* _TASK OBJECTIVE_
Write down exactly what lies from the line containing "Vse več je zanimanja za ta" to the end of the records, inclusive, and omit the pictures.

Stored records
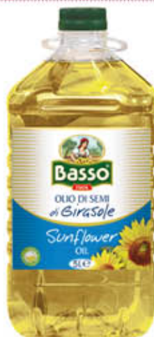
BASSO OLIO DI SEMI DI GIRASOLE Pet - 5 Litri
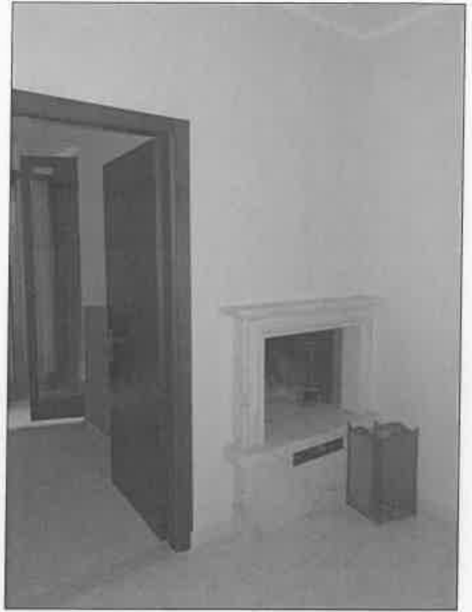
FOTO 50-51 - CAMERA LETTO PT CON ACCESSO DALLA LOGGIA
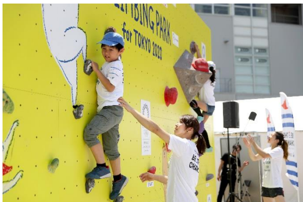
第7回/クライミングアカデミー
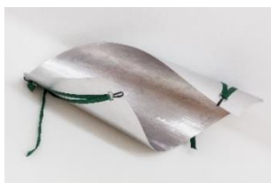
Marie Lund, The Apartment , 2020

Die dänische Künstlerin Marie Lund verfolgt in ihrem Werk bildhauerische Fragestellungen und betreibt einen vielschichtigen Umgang mit dem Medium der Skulptur. Ab dem 8. Mai werden im Kunstmuseum St.Gallen neue plastischen Arbeiten zu sehen sein, die sich auf die prägnanten architektonischen Elemente des Museums beziehen und bis in den Aussenraum ausgreifen.
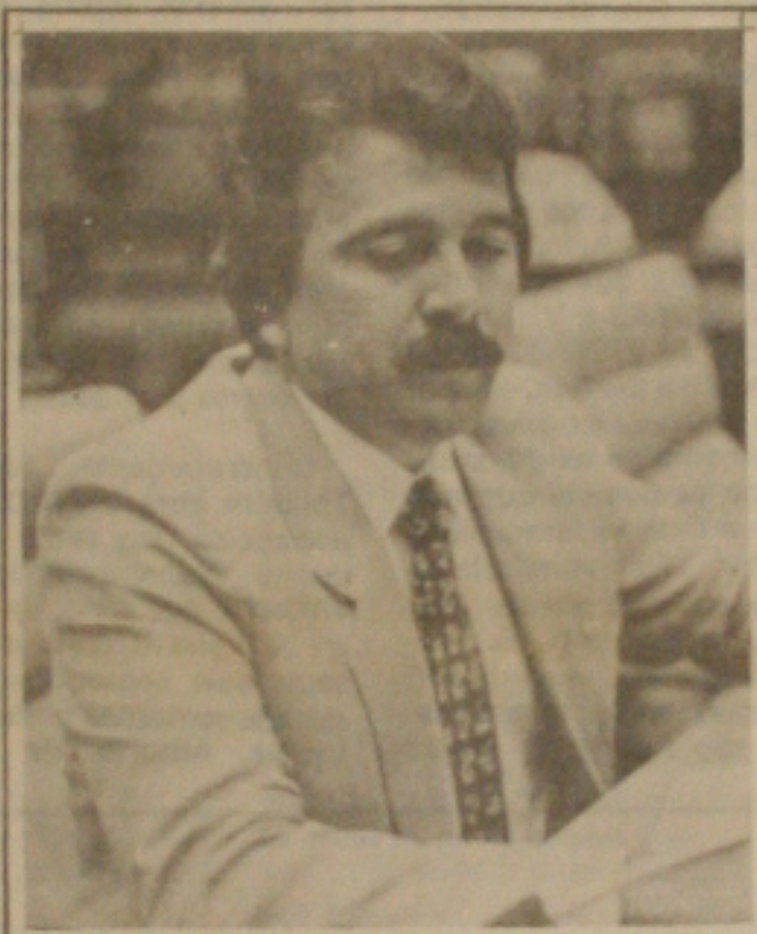
Almeida sonha com a vice...
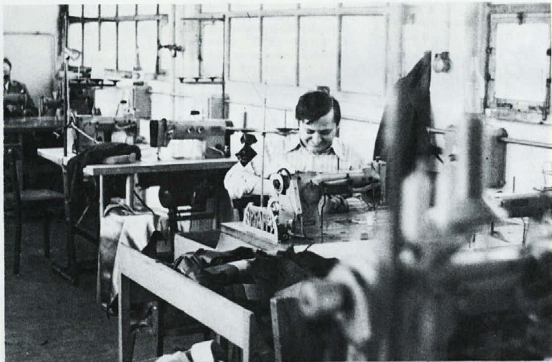
Vse več je zanimanja za usluge, ki jih hitro in kvalitetno nudi „oddelek po meri“. Posnetek je iz delavnice moških oblačil.

Vse več je zanimanja za ta naš oddelek po meri, saj sta kvalitetna in hitra izdelava najboljša priporočilo in porok, da se stranke ob prihodnji sezoni zopet vračajo.
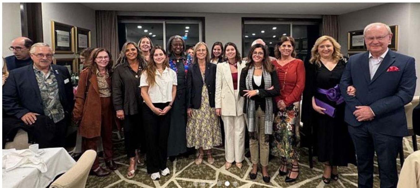
Na altura da reunião festiva de jantar.

Já à noite, e no 22º piso do Hotel HolidayInn Porto/Gaia (panorâmico), teve lugar um muito concorrido jantar de companheirismo em honra da Directora, em que em grande número os Rotary Clubes do nosso Distrito se fizeram representar.
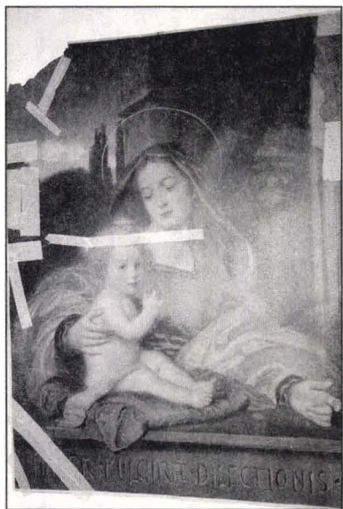
Faze de lucru

* _FINISHED EXERCISE_
Vse več je zanimanja za ta naš oddelek po meri, saj sta kvalitetna in hitra izdelava najboljša priporočilo in porok, da se stranke ob prihodnji sezoni zopet vračajo.
Na altura da reunião festiva de jantar.

Já à noite, e no 22º piso do Hotel HolidayInn Porto/Gaia (panorâmico), teve lugar um muito concorrido jantar de companheirismo em honra da Directora, em que em grande número os Rotary Clubes do nosso Distrito se fizeram representar.
Faze de lucru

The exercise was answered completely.